Ein Ort, an dem die Menschen glücklich sein können

Das Pariser Büro "Lacaton & Vassal" spickt die Fassade seines Gebäudekomplexes mit drei Meter breiten Wintergärten. Diese Außenhülle bietet gerade in Zeiten des Klimawandels die Chance, die Raumtemperatur individuell zu beeinflussen. Jean Philippe Vassal betont jedoch vor allem, dass heute wieder menschenfreundlicher gebaut werden sollte:
"Das beste System, das Komfort, Nachhaltigkeit und Ökologie verbindet, ist für die Leute einen Ort zu bauen, wo sie glücklich sein können. Wir müssen versuchen, wieder einfacher zu bauen. Weniger Technik, mehr natürliche Materialien. Auf die Sonne und das Licht achten genauso wie auf gute Luftzufuhr und das Leben der Bewohner*innen. Dann kann man diese wichtige Herausforderung meistern, die sie hier angehen - Wohnen für alle."

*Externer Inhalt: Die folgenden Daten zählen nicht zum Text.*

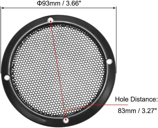 Specifications:Frame Material: ABS PlasticMesh Material: Cold Rolled SteelOuter Diameter: 93mm / 3.66 inchInner Diameter: 75mm / 2.95 inchScrew Hole Diameter: 3.5mm / 0.14 inchMounting Hole Distance: 83mm / 3.27 inchFeatures:Great for speaker cabinet, home speaker or car speaker.Protect your Subwoofer from cuts, rips, tears and dents.DIY speaker grille, suitable for DIY speakers and cars speaker decorative circle.Package Includes:1 x Speaker Grill Cover
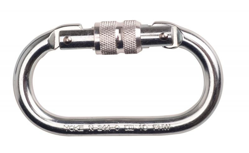 Acél ovális karabiner csavaros zárral, hossz: 106mm, nyílás: 19 mm. Törőterhelés: 25kN.

Dachflächen für die Hausgemeinschaft

Das Büro "schneider+schumacher" aus Wien überzeugt im Frankfurter Architekturwettbewerb mit einem Mietshauskonzept für 51 Wohnungen, das vor allem durch sparsame Aufzugstechnik oder einfache Storm- und Wasserplanungen den Baupreis drücken kann. Im Erdgeschoss des Mietkomplexes sind Gemeinschaftsflächen wie "co-working-spaces" und "Wasch-Cafés" vorgesehen. Wenn sie nicht mehr gebraucht werden, können sie schnell zu Wohnungen umgewandelt werden. Doch der Gemeinschaftsgedanke wird nicht fallen gelassen. Cornelia Loidolt vom Wiener Wettbewerbsgewinner:
"Mit dieser Wiener Brille auf diese Aufgabe geschaut, muss man auch sagen, dass wir ein paar Dinge auch anders beantwortet haben, als sie eigentlich in der Vorgabe war. Also zum Beispiel der private Außenraum, den versuchen wir in unserem Vorschlag auch zu minimieren. Und würden anstatt dessen Dachflächen aktivieren, die der Gemeinschaft dann auch dienen. Und an dieser Stelle mithelfen, dass die Bewohner dort auch zu einer Gemeinschaft werden können."

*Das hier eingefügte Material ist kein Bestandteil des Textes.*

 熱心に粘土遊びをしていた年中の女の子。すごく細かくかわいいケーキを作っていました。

Der Entwurf "Max und Moritz" des Büros schneider+schumacher aus Frankfurt und Wien bei der Ausstellung "Wohnen für Alle - Das neue Frankfurt 2019."

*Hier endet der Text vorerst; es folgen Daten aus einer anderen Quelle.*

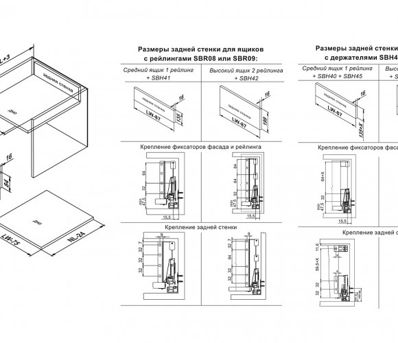 SBH40 – держатель рейлинга к задней стенке выдвижного мебельного ящика. Продукт предназначен для надёжной фиксации и установки прямоугольного (SBR09) рейлинга в графитовом цвете для  создания ящиков любой высоты с прямыми боковинами.
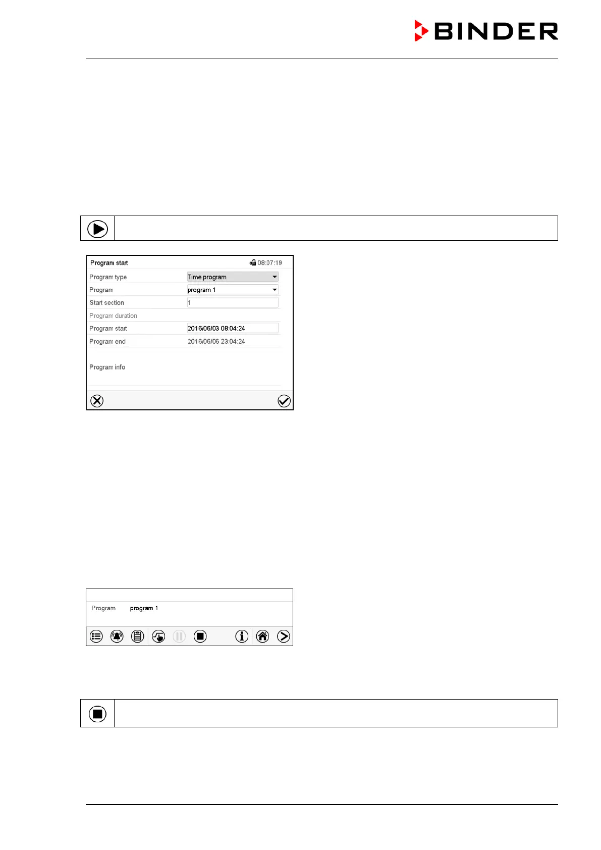 A confirmation prompt is displayed. Press the Confirm icon to confirm that the program shall really be

Der Entwurf "Max und Moritz" des Büros schneider+schumacher aus Frankfurt und Wien bei der Ausstellung "Wohnen für Alle - Das neue Frankfurt 2019."© schneider+schumacher Architekten / cbaldeweck
Gebaut werden sollen alle Siegerentwürfe des Wettbewerbs auf einem Acker im Frankfurter Norden. Hier sollen letztendlich 850 neue Wohnungen entstehen. Für den Frankfurter Planungsdezernenten Mike Josef ist das ein wichtiger Baustein für die Entwicklung der stark wachsenden Stadt. Der internationale Architekturwettbewerb habe aber auch gezeigt, dass in Deutschland Bauvorschriften und eine Vielzahl von technischen Normen günstiges Bauen deutlich schwieriger machen als im europäischen Ausland: "So rechtfertigt der Aufwand das Ergebnis einfach nicht mehr. Weil am Ende für die Menschen bei aller Debatte die Bezahlbarkeit wesentlich ist."
Bezahlbarkeit und Schönheit der Wohnung - eine aktuell hierzulande eher seltene Verbindung, die beim Projekt "Wohnen für Alle" in Frankfurt am Main nun eine neue Chance bekommen soll.